- Born: 29 November 1913 Orkney, Scotland
- Died: 26 February 1968 (aged 54) Orkney, Scotland
- Education: Edinburgh University
- Scientific career
- Fields: Botany
- Workplaces: Royal Botanic Garden Edinburgh Singapore Botanic Gardens
- Author abbrev. (botany): J.Sinclair

= James Sinclair (botanist) =

Scottish botanist

James Sinclair (1913–1968) was a Scottish botanist, who worked at the Royal Botanic Garden Edinburgh and the Singapore Botanic Gardens.

== Life ==
Sinclair was born in the Bu of Hoy Orkney, Scotland on 29 November 1913. He received a degree in botany from the Edinburgh University.

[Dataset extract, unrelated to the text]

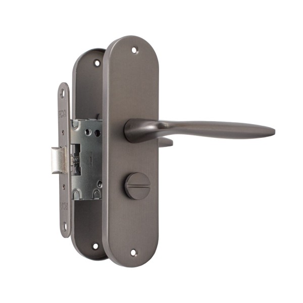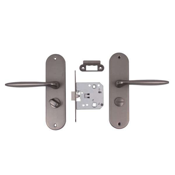 Включає в себе ручку на планці, замок. Призначений він для вхідних дверей. Виготовлений з високоякісної сталі в кольорі полірована латунь/стара бронза.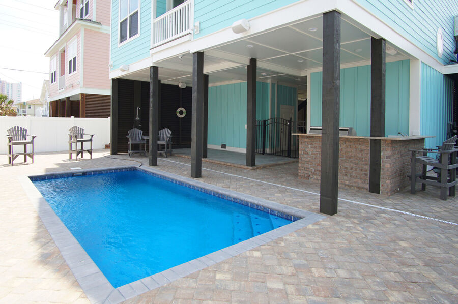 ENJOY CASUAL IN-HOME MEALS with the fully equipped kitchen. WITH A PRIVATE POOL and sundeck, you can have hours of backyard fun. The surf and sand of Cherry Grove's beach are just steps away across Ocean Boulevard. You'll have easy beach access and plenty of opportunities for fun in the water.

He served as a radar operator in the Royal Air Force from 1941 to 1945. In 1968 he succumbed to cancer and was buried in Hoy.

== Work ==
He was a botanist at the Edinburgh Royal Botanical Garden where he oversaw the herbarium. In 1948 he became the herbarium curator at the Singapore Botanic Gardens. Much of his work focused on the flowering plant families Annonaceae and Myristicaceae, though he also had an interest in marine plants and mosses.

== Legacy ==
He is the authority for at least 192 taxa including:

His life and works have been honored as part of the Hoy Heritage project.